Un caso particolarmente illuminante in tal senso è rappresentato dalla Risoluzione dell’Agenzia delle Entrate n. 16 del 23.01.2009.

I crediti alla base del caso in esame erano vantati dal creditore, la società Alfa s.r.l., nei confronti di alcune Aziende Sanitarie Locali. Al fine del recupero di tali crediti, la società Alfa aveva dapprima avviato un rito monitorio, così ottenendo un titolo poi azionato e, tuttavia, culminato in un esito infruttuoso del pignoramento presso terzi (effettuato presso la banca che faceva da tesoriere dell’ASL).
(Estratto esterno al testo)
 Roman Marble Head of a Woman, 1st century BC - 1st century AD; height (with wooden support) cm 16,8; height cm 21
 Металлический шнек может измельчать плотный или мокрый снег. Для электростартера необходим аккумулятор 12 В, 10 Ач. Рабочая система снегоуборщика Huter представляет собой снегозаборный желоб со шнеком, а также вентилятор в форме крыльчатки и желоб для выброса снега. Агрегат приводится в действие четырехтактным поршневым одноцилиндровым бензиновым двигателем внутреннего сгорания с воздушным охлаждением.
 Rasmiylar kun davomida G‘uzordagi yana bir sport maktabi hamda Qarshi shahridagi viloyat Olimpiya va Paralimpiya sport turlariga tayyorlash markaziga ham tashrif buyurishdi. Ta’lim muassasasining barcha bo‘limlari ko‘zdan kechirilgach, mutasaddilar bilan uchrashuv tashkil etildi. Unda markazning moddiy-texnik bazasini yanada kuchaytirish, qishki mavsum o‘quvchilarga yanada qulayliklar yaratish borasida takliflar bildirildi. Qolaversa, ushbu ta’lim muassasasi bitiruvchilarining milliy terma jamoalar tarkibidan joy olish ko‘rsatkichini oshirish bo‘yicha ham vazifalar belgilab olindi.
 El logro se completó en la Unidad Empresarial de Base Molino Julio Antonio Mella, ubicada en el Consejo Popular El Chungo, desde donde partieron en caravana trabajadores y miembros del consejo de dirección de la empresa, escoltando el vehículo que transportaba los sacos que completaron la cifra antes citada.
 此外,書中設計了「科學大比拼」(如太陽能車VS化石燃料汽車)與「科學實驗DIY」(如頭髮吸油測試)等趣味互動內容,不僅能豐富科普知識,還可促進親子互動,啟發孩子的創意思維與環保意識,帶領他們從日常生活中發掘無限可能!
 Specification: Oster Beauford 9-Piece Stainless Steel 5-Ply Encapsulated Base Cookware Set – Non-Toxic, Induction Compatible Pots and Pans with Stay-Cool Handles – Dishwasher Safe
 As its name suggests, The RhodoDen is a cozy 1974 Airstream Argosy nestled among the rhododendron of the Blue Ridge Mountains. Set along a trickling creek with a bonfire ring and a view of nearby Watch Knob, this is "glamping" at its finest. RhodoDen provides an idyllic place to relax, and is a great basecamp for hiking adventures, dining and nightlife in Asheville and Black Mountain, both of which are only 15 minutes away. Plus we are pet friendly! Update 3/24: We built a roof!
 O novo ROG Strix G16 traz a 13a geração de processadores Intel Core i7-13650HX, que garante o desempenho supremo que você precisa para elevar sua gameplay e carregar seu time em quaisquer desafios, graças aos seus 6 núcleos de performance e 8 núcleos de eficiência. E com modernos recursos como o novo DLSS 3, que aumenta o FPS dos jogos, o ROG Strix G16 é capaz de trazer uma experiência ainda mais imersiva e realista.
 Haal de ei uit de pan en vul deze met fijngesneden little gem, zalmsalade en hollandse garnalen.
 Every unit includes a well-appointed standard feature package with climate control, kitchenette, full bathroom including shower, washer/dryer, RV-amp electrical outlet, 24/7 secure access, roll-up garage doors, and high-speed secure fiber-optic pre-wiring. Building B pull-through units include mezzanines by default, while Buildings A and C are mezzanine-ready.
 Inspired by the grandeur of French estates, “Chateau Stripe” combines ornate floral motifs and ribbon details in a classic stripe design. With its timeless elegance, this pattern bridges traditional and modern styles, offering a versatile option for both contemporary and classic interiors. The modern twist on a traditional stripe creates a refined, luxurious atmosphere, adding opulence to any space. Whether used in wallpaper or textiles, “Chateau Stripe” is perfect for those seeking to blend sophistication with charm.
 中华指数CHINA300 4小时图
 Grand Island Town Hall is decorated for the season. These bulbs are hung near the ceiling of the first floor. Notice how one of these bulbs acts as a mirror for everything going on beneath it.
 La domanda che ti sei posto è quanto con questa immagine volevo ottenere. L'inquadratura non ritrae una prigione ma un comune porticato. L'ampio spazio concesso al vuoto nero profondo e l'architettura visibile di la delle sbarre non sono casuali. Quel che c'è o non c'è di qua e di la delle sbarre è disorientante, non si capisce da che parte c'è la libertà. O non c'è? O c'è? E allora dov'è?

Sul fronte immobiliare, la società creditrice aveva prodotto all’Agenzia delle Entrate la documentazione da cui risultava che i beni immobili dell’ASL debitrice, sulla base di un provvedimento della Regione, erano tutti confluiti in un Fondo comune di investimento di tipo chiuso, sicché tali beni, nonché le quote di partecipazione delle varie ASL in detto fondo, erano ex lege impignorabili e non ipotecabili. Dall’altro lato, la qualità di ente pubblico dell’ASL non rendeva percorribile neppure la strada della richiesta di fallimento del debitore, essendo questo, per legge, non assoggettabile a procedure fallimentari.

Nonostante la prova di aver tentato in ogni modo di soddisfare il proprio credito, tuttavia, l’Agenzia delle Entrate non ha ritenuto soddisfatti i requisiti di certezza e precisione degli elementi della perdita – e, quindi, della sua definitività – ed ha, perciò, affermato l’indeducibilità della presunta perdita.

In particolare, l’Agenzia delle Entrate ha ritenuto che l’illiquidità del debitore fosse solamente una situazione temporanea, avuto riguardo proprio alla qualità di ente pubblico di esso: solo una dichiarazione di insolvenza dello stesso avrebbe potuto portare a ritenere oggettivamente “definitiva” la perdita; tuttavia, proprio la natura di ente pubblico del debitore e la circostanza di non assoggettabilità a fallimento possono “fondatamente costituire elemento di positiva valutazione circa la probabilità di recuperare il credito non esatto”.